ZERO HORA 03 de fevereiro de 2015 | N° 18062
por Letícia Duarte
No reino das boas intenções, os abrigos existem para garantir a crianças maltratadas ou negligenciadas um ambiente saudável para crescer, substituindo em algum momento aqueles cuidados essenciais que a família, pelas mais diversas razões, não consegue dar.
Na prática, a precariedade dos serviços públicos de acolhimento impõe uma segunda (e por vezes terceira, ou quarta) violação a infâncias já maculadas por abusos dos mais variados tipos.
As consequências são dramáticas. Nos três anos em que acompanhei a trajetória de um menino que vivia nas esquinas de Porto Alegre para produzir a reportagem Filho da Rua, publicada em junho de 2012, constatei de perto como essa ineficiência agrava o problema. Diante da incapacidade da mãe de segurar o filho Felipe, que fugia de casa desde os cinco anos e desde os oito era dependente de crack, a guarda do menino foi concedida provisoriamente a um abrigo municipal em 2008, quando tinha 10 anos. Mas a instituição também se revelou incapaz de segurá-lo. Em quatro meses, o menino fugiu três vezes.
– Que abrigo é esse que criança foge? – indignou-se a mãe.
À reportagem, a coordenação da instituição admitiu que as fugas eram rotina.
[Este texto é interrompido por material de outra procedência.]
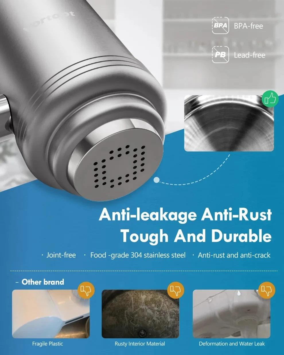 CERTIFIED 5-STAGE FILTRATION: Enjoy fresh purified water with Vortopt faucet mount water filter. With purification to 0.5um, the filter is NSF certified to reduce 99% impurities such as rust, sediments, chlorine, lead, odor and improve taste, making your water clean and healthy. (Not for reducing TDS)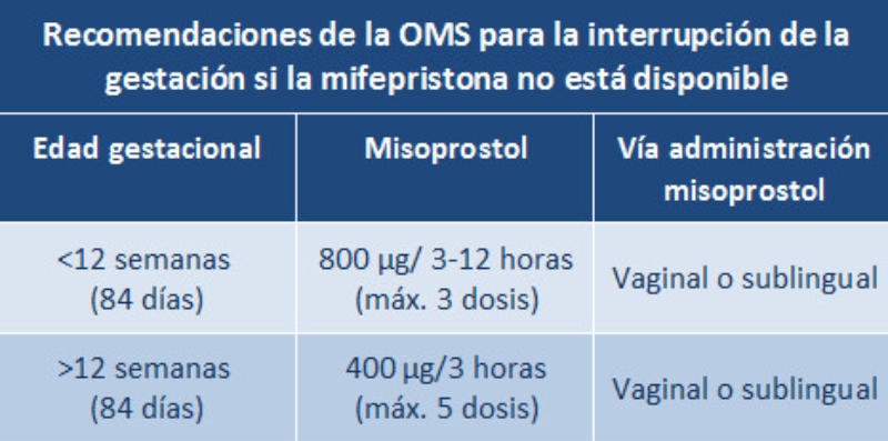 administración de las pastillas de misoprostol. Aunque el aborto farmacológico es seguro,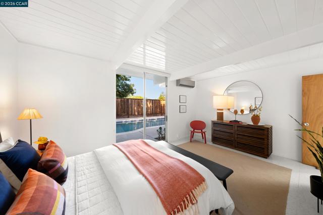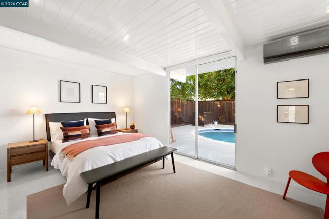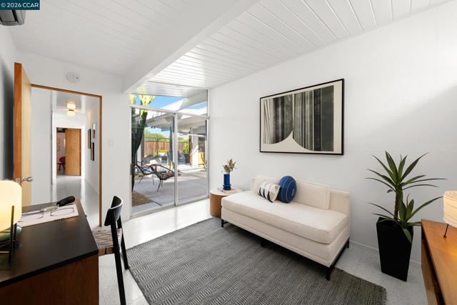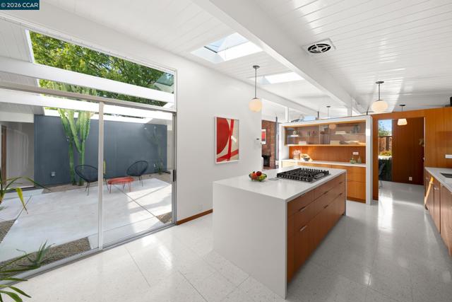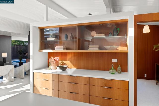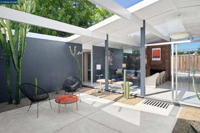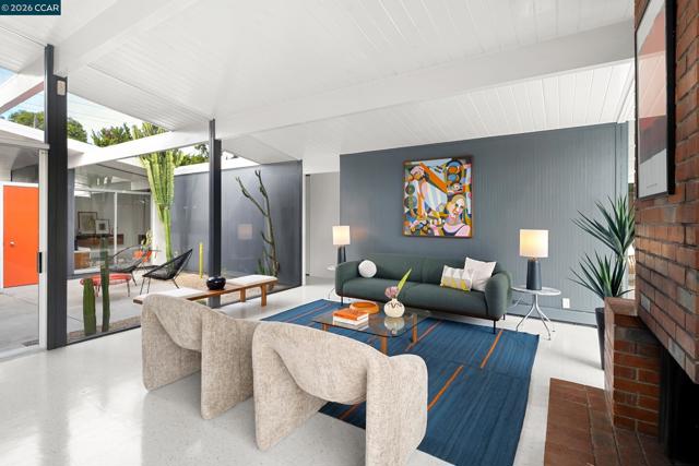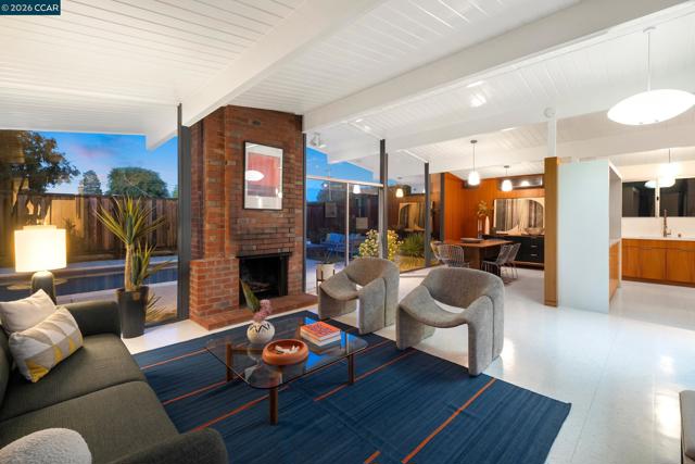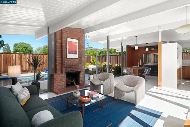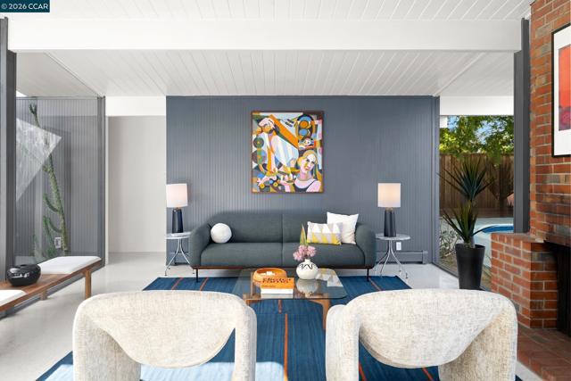 The epitome of California cool, this exceptional Eichler offers iconic mid-century modern living for the most discerning tastemakers. Built by renowned developer Joseph Eichler and designed by architects Jones & Emmons, this coveted pitched-roof, atrium, carport model, Plan OJ-1184, is an architectural offering that seamlessly blends timeless design with modern comfort. As featured in Atomic Ranch and the San Francisco Chronicle — and soon to be featured in an upcoming Eichler book, the home reflects a deep respect for its original design, enhanced by thoughtful, period-appropriate updates. Rich mahogany cabinetry by Berkeley Mills anchors the space, complemented by elegant wood paneling and classic VCT tile flooring that runs throughout, preserving its authentic mid-century character. Walls of glass flood the interiors with natural light, creating a bright and airy ambiance while fostering a seamless connection between indoor and outdoor living spaces. The signature atrium serves as a tranquil centerpiece, perfect for relaxation or entertaining. Designed for both everyday comfort and effortless hosting, the home features a chef’s kitchen with a generous island, ample pantry space, a new gas cooktop and stainless steel appliances. Additional highlights include a recently resurfaced pool, home sound system and a converted studio garage—ideal for a home office, gym, or creative retreat. Sustainability meets style with owned solar panels, allowing for energy efficiency and savings without compromising on luxury. Located in the vibrant Rancho Del Diablo community, the home enjoys picturesque surroundings with views of Mount Diablo and convenient access to BART, shopping, dining, and major freeways. Timeless design, elevated living, and unmistakable mid-century style—this is Eichler at its best.

Na época, em espaço para 30 crianças, havia 64 – e apenas seis educadores sociais em cada turno.
– Quando se olha para o lado, um já pulou o muro – confidenciou um dos educadores.
Sem o devido amparo, Felipe voltou para as ruas e para o crack, repetindo uma rotina conhecida de degradação – que ameaça outros destinos.
De lá para cá, administradores de diferentes gestões gastam saliva tentando explicar as falhas do serviço, mas a verdade é que nada justifica o descaso que impera nos abrigos.
Se antes os problemas mais conhecidos eram superlotação e falta de pessoal, a constatação de que crianças hoje dormem }no chão por falta de camas e disputam espaço até com ratos é uma violência imperdoável contra aqueles que, na legislação brasileira, aparecem como “prioridade absoluta”. Mais do que inadmissível, é um escândalo.